Los inconsistentes argumentos de Wolff fueron vigorosamente rebatidos por
Ruhnken, Goethe y Schiller, todos alemanes. Algunos descubrimientos
arqueológicos, la técnica de las obras homéricas, el estudio de las literaturas
comparadas, han permitido en nuestro siglo robustecer la certidumbre de la
existencia y la personalidad de Homero, cuyo lugar de origen también se ha
discutido durante mucho tiempo. Nada menos que siete ciudades, según
Planudes, se disputaron la gloria de ser su cuna: Cime, Esmirna, Quíos,
Colofón, Pilos, Argos y Atenas. De todas ellas es Esmirna la más probable
cuna del insigne cantor, pues en ésta existía, entre los eolios, la familia de los
homéridas.
De acuerdo con la biografía atribuida a Herodoto, ya citada, Homero
habría nacido en los aledaños de la ribera del río Meles, de donde al principio
tomó el nombre de Melesígenes, en el año 622 antes de la expedición de
Jerjes, o sea el año 1102 antes de Cristo. Educado en el culto de los dioses,
de las artes y de la poesía, y aficionado a ésta desde niño por influencia de su
padrastro el maestro Femio, con quien se había desposado su madre Creteis,
Homero abandonó pronto la vida rutinaria de la función pública a la que lo
había llevado su familia para entregarse con pasión a la aventura de los viajes.

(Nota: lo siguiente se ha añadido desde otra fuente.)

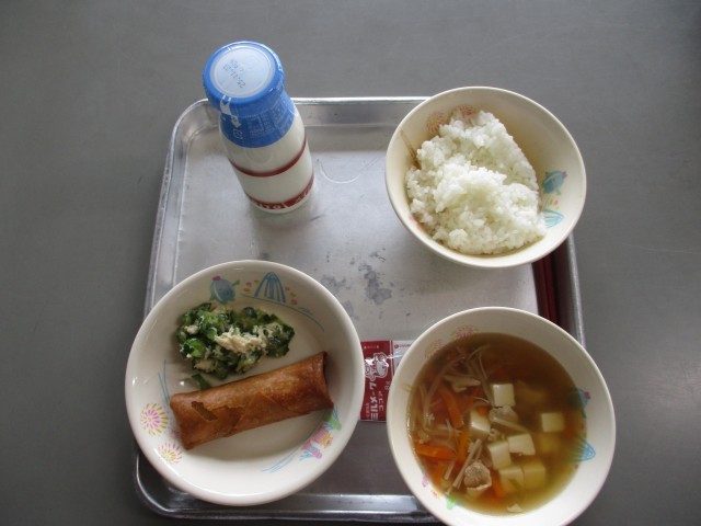 本日の給食はご飯・牛乳・春巻・バンバンジー・豆腐の中華スープ・ココアパウダーです。おいしくいただきました。
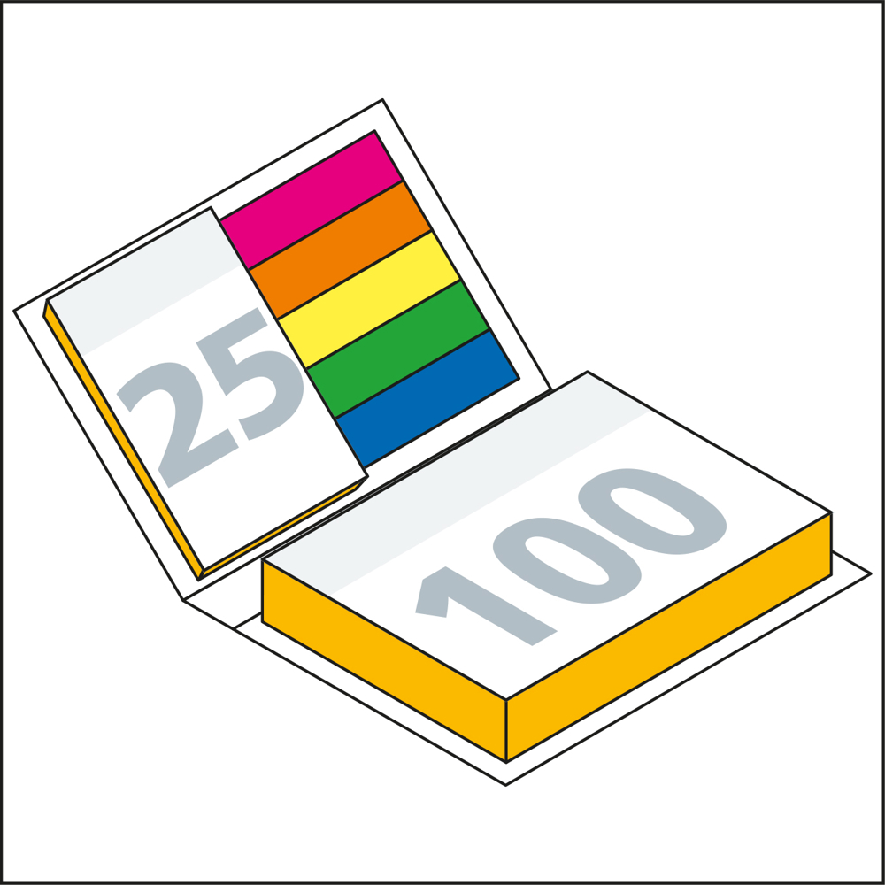 • Ausstattung: Haftnotiz 100 × 72 mm, 100 Blatt Haftpapier weiß; Haftnotiz 50 × 72 mm, 25 Blatt Haftpapier weiß; Standard-Farbschnitt: Kanten beider Haftnotiz-Blöcke farbig; Haftmarker-Set (5 × 20 farbige Marker)
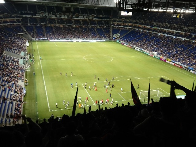 でも甘い事を言う前に、今回言いたいのは、パナスタの完全蒸し風呂状態の2階席に押し込められた我らゴール裏住民の悲惨さとともに、そのパナスタの2階席、暑いは暑いで仕方ないとしても、トラックが無いのに日産スタと同レベルで2階席はすげー観難い・・・。
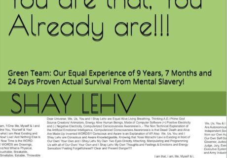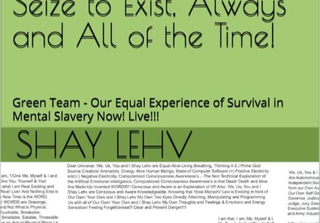 Documenting Successful 9 Years, 5 Months and 1 Day,- Since July 31st, 2012/ Aug’ 2012! Now! Live!!! of Survival from Mental Slavery, Mind Control, Psychological Warfare, Spiritual and Religious Warfare, War, Genocide, being Committed on Me, Myself and I Shay Lehv and all of Us, We, You and I Shay Lehv, Green Team Members/ Green Team. Team Shay Lehv/ Team Freedom from Mental Slavery!!! NOW! Live!!!
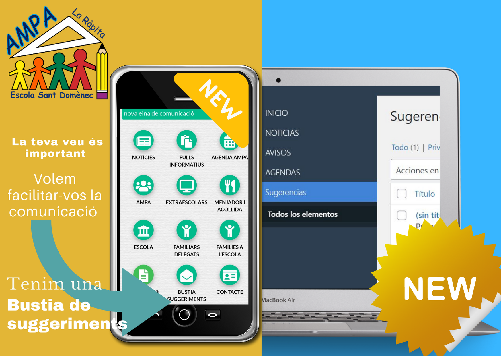 Nova eina de comunicació: la bústia de suggeriments Feu un comentari / Per AMPA ESCOLA SANT DOMÈNEC / 19 de febrer de 2021 / INFORMACIONS DE L'AMPA / App, Novetats Des de l’AMPA volem tenir una comunicació més activa, la teva veu ens importa! Per això, hem afegita l’aplicació una bústia de suggeriments! Volem #LAmpaMésAProp
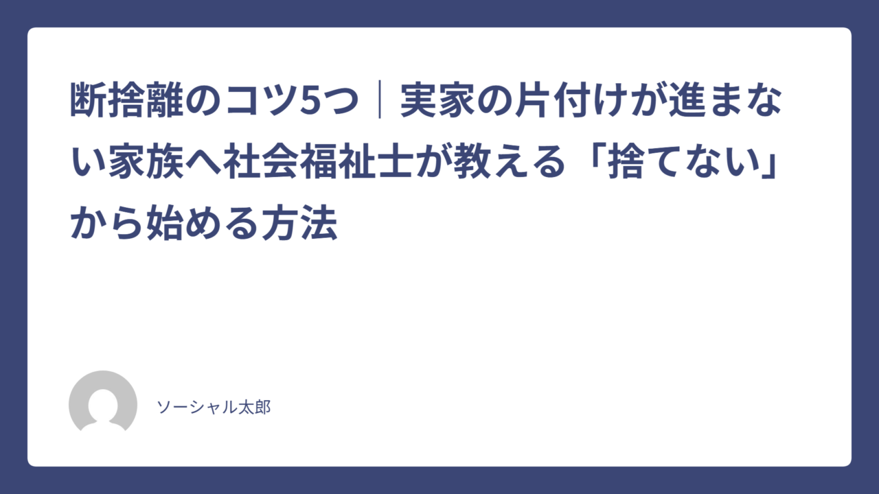 断捨離のコツ5つ|実家の片付けが進まない家族へ社会福祉士が教える「捨てない」から始める方法
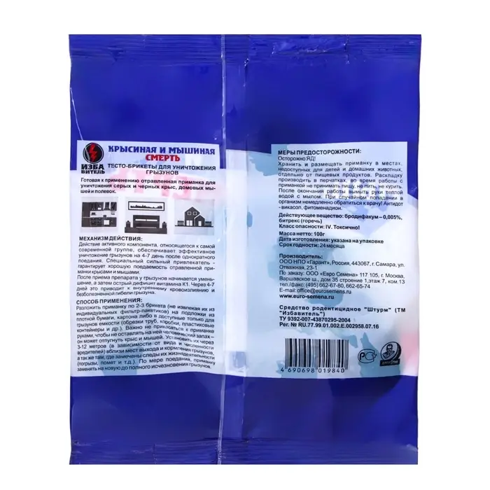 Готовая пищевая отравленная приманка с мумифицирующим эффектом для уничтожения серых и черных крыс, домовых мышей, полевок и других мышевидных грызунов для применения населением в быту.
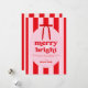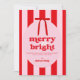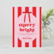 Merry & Bright Red Pink Stripes Holiday Card in a modern retro style

Durante esos viajes pasó por la que había sido Troya y por Itaca, donde
conoció las tradiciones míticas y heroicas que lo impulsaron a componer las
rapsodias de sus dos grandes epopeyas. Luego de recorrer el Peloponeso
sintióse atacado de una afección a la vista, quedando ciego al poco tiempo.
Cuéntase que, dedicado nuevamente a la poesía que aprendió en la niñez, iba
de ciudad en ciudad recitando sus poemas; que un maestro de escuela se los
escamoteó para difundirlos como propios; que fundó un centro de enseñanza,
se casó y tuvo dos hijas, sin interrumpir su creación literaria. Deseando
imponer su fama de poeta en Atenas, partió hacia dicha ciudad en compañía
de una de sus hijas y algunos discípulos, desembarcó en Samos, pero antes
de llegar a la meta encontró la muerte. Todos éstos son fragmentos, retazos
dispersos para un anecdotario, datos recogidos aquí y allá, de diversas
fuentes, para una biografía hipotética, nunca definitiva. Lo único
verdaderamente cierto y definitivo es el fruto de su genio creador, suma de
intuición y sabiduría. Muerto Homero, después de muchas andanzas y
vicisitudes, la familia de los homéridas y los aedos y rapsodas se dedican a
difundir sus incomparables y maravillosos poemas por toda el Asia Menor y las
islas del archipiélago helénico. Tanta fue la admiración que ellos despertaron
en el ámbito de la antigua Grecia que ya en el siglo VII antes de nuestra era se
los consideraba como síntesis de sabiduría y modelos de perfección literaria, lo
cual echa por tierra la escéptica afirmación del alemán Wolff. Padre de la
epopeya, género épico que después de la Ilíada y la Odisea tuvo en Los
trabajos y los días y la Eneida sus más descollantes expresiones en las
letras griegas y latinas, y precursor, con la primera de sus obras
fundamentales, de la tragedia antigua, tanto que hizo decir nada menos que a
Esquilo: “Vivo de las migajas de Homero”, para subrayar lo que significó y
significa en la cultura griega y universal basta recordar que Platón en su
República dijo que era Homero el maestro de toda Grecia y Solón dispuso que
en todas las fiestas públicas se recitasen sus poemas como el mejor homenaje
que se podía tributar al primer gran poeta de la antigüedad.